Looks like the low end pot needs to be tweaked due to aging components. Knowing which pot is which (unless labelled on the pc board) is a different matter and sometimes adjusting one affects the others.
If you could post a photo of the unit and a closeup of the firing card and triac that would be helpful.
 
Hello microstar,

Thanks for the prompt reply. I did forget the . in the 2.4 KW rating of this pack.

It is a bolted in rack mounted dimmer. I have not removed it from the mounting.

There are no markings on the PC board to identify the purpose of the open faced pots.
The unit is part of a large rack located in the basement of the church.
It was installed after the restoration of the roof and ceiling following a fire that burned off the entire roof in 1970.

Please share whatever information you may have including the source for replacement parts.

Sincerely
KEN
 
Your unit is what I thought it was. Here it is on eBay:
I do have the complete factory calibration instructions, just can't access them until next Saturday.
You could buy one of the eBay units for parts, especially the triac.

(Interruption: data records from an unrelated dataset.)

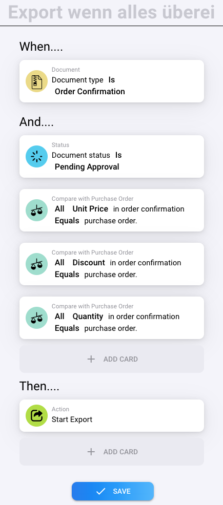 * Additional checks are performed to ensure the document's details align with specific requirements. These checks might involve verifying information within order confirmations or purchase orders. Specify the particular conditions that need to be met. For example:
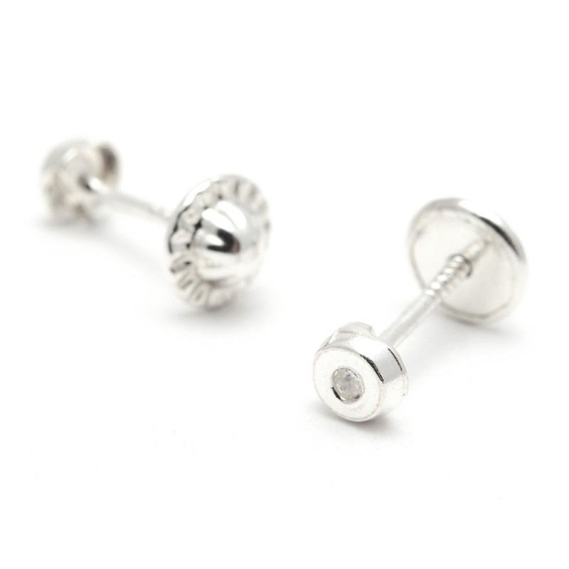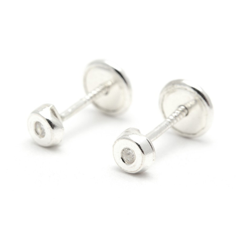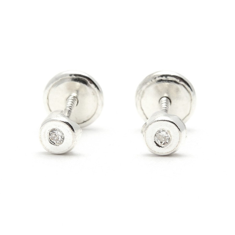 Pendientes fabricados en Plata de Ley. Con un pequeño círculo engarzado con una circonita en el centro. Ajuste de rosca. Diámetro: 3.5 mm.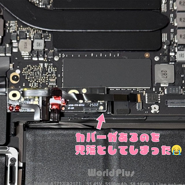 カバーの存在を無視して、バッテリーボードを上に乗せて無理やりネジをしめてしまいました。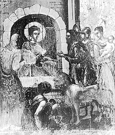 Λεπτομέρεια εικόνας του αγίου Γεωργίου, 16ος αι. Kέρκυρα, Nαός Σπηλαιώτισσας. H εικόνα έχει ξεσηκωθεί από το ανθίβολο που βλέπετε στην εικόνα 8.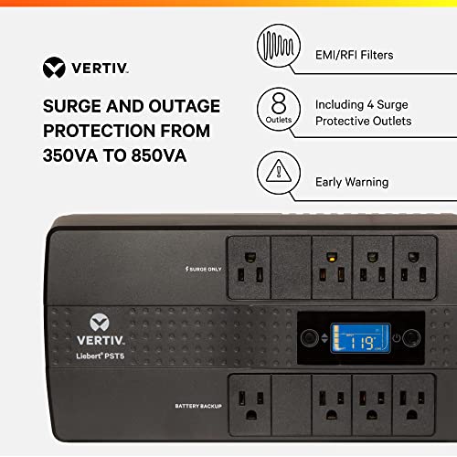 Vertiv Liebert PST5 UPS – 850VA/500W 120V Standby Power, 8 Outlets, Battery Backup with Surge Protection, LCD Screen, Energy Star Certified, 3 Year Warranty, Free Shutdown Software (PST5-850MT120)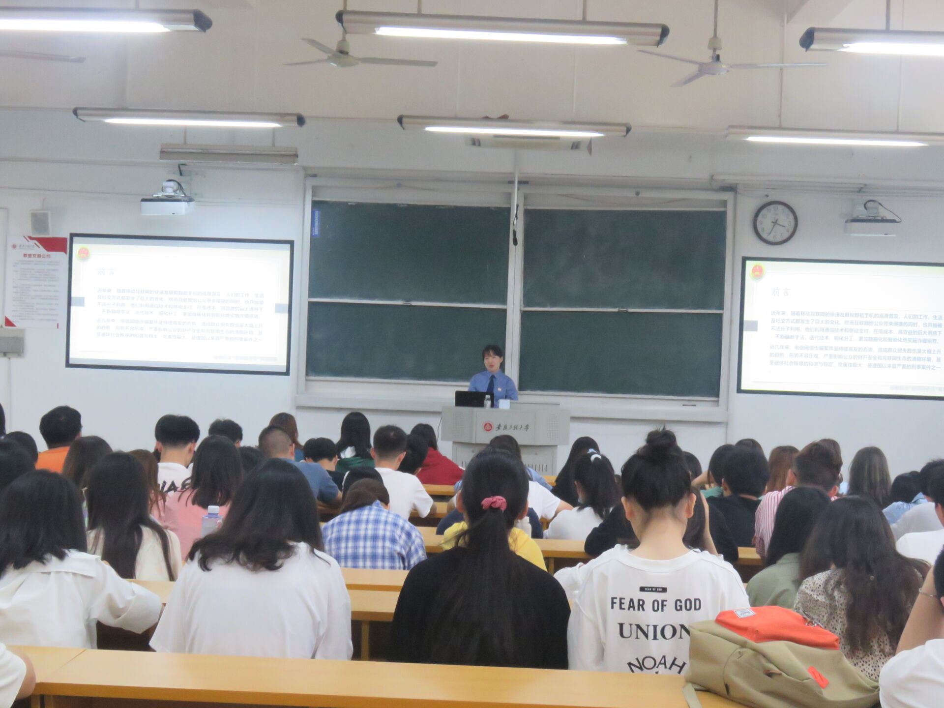 为进一步加强平安校园建设,切实提高我校师生防骗、识骗安全意识,5月12日下午,人文学院邀请芜湖市人民检察院第二检察部副主任、一级检察官成璨作了题为“全民反电诈——平安进校园”专题报告。此次报告会由法学系主任杜蓓蕾主持,法学19级、20级全体同学到场聆听。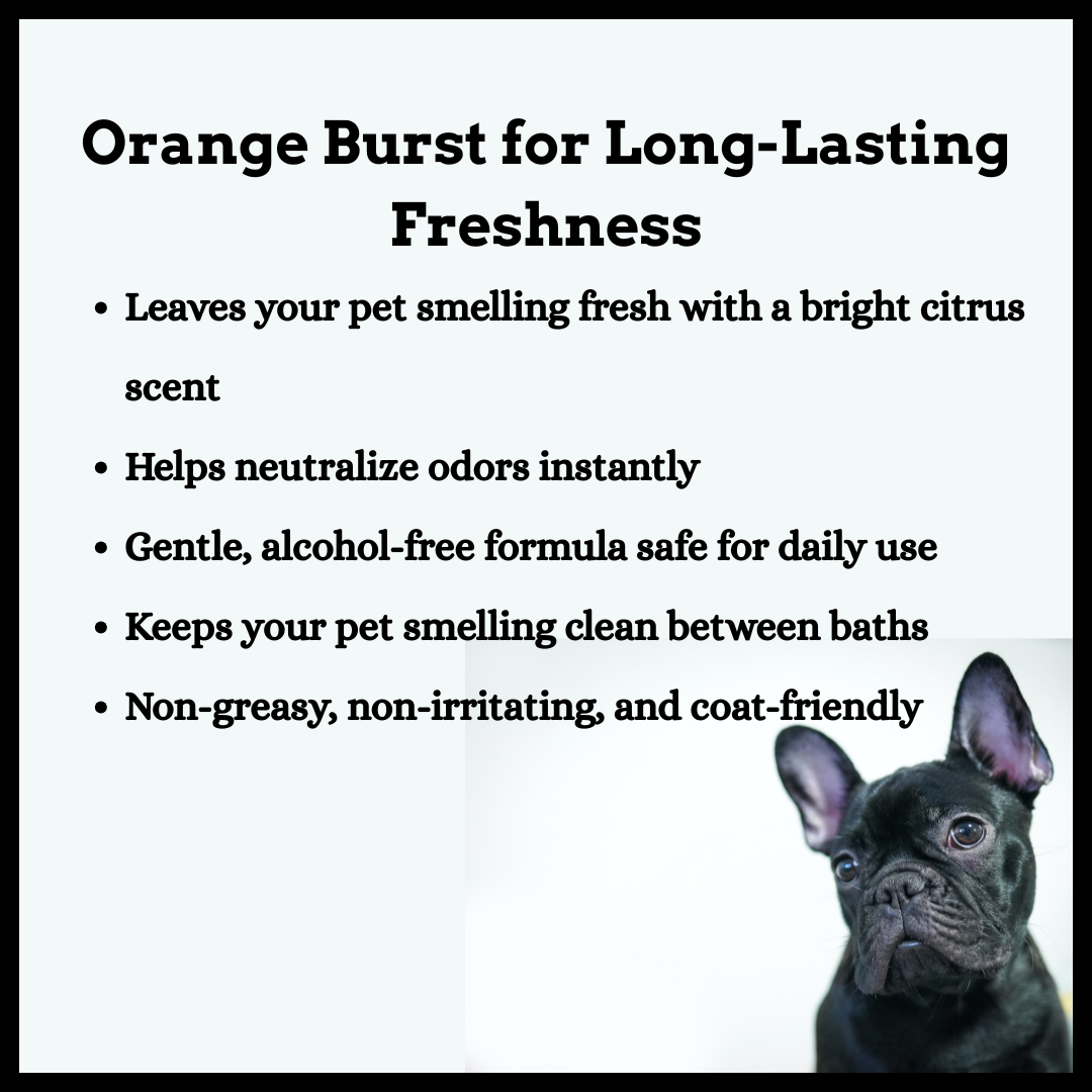 Bright, zesty, and instantly refreshing — the Orange variant is for pets who bring the energy. The citrus pop cuts through any dullness and leaves them smelling clean, lively, and ridiculously huggable.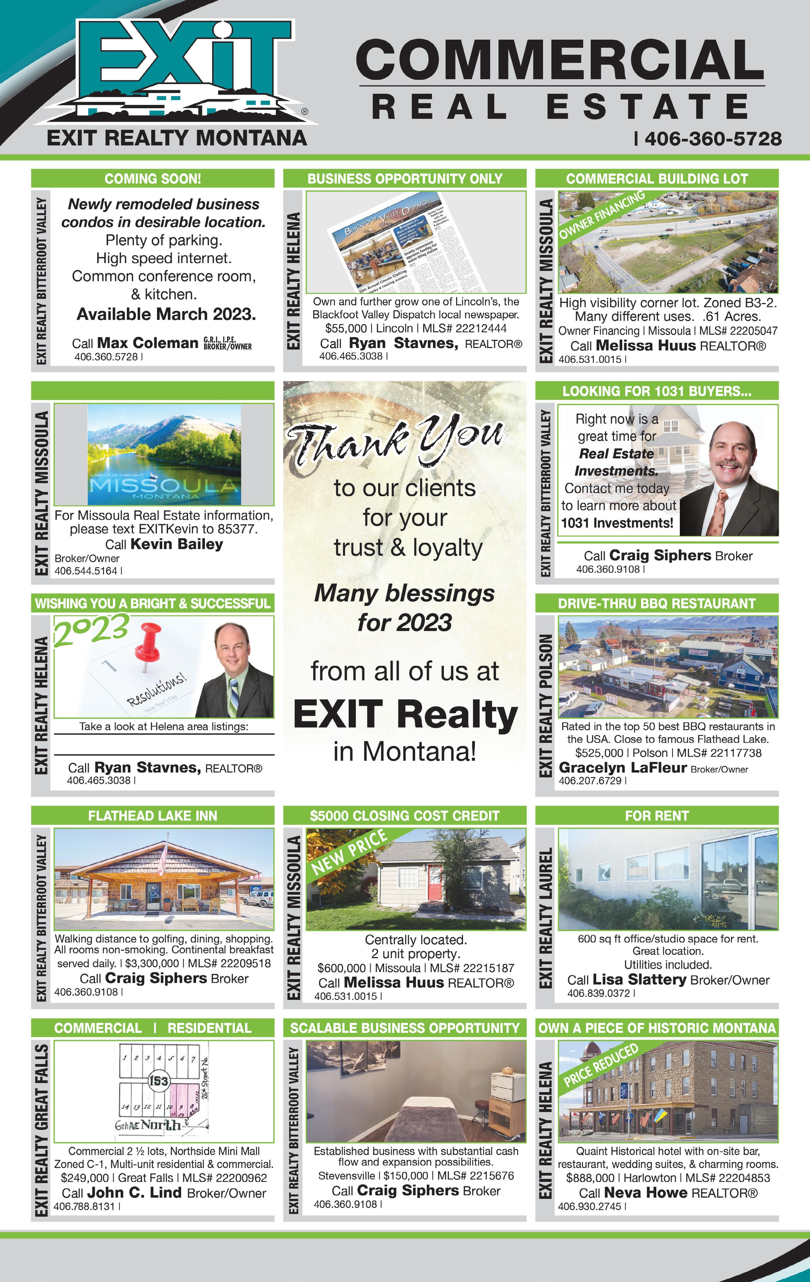 pg.19 www.CapitalRealEstateConnection.com www.EXITrealtymontana.com Max@EXITrealtybv.com Craig@EXITrealtybv.com WWW.MISSOULAREALTY.COM Melissa@EXITrealtymsla.com RYAN.EXITREALTYHELENA.COM Ryan.EXITrealtyhelena.com Gracelyn@EXITrealtypolson.com Kevin@EXITrealtymsla.com Ryan.EXITrealtyhelena.com Craig@EXITrealtybv.com Melissa@EXITrealtymsla.com John@EXITRealtyGreatFalls.com Craig@EXITrealtybv.com Neva@EXITrealtyhelena.com www.EXITRealtyLaurel.com

Screen Shot 2020-02-08 at 7.48.25 AM.png
 
By far, your best resource is going to be Steve Short at Lite-Trol.
.
 
Your unit is what I thought it was. Here it is on eBay:
I do have the complete factory calibration instructions, just can't access them until next Saturday.
You could buy one of the eBay units for parts, especially the triac.

View attachment 19325
Thank you for the reassurance. That is the unit we have.

I sure could use the calibration information and a schematic if you could help with that.
Sincerely
KEN
 
Hello microstar,

Have you located the information you thought was in the office?

I have not looked any more at the church office since the units are so old the data may have been trashed.
Sorry some folks take these papers out of the equipment for "safe storage" elsewhere.

KEN
 
Theatremgr.... I forgot to add that you need to use an iron-vane voltmeter or more commonly available "true rms" digital meter to adjust to factory specs.
An ordinary digital meter will not give you true readings on a dimming system.
 
Hello microstar,

Thank you for this information. I also appreciate your comments on the proper meter to see the results of the calibration.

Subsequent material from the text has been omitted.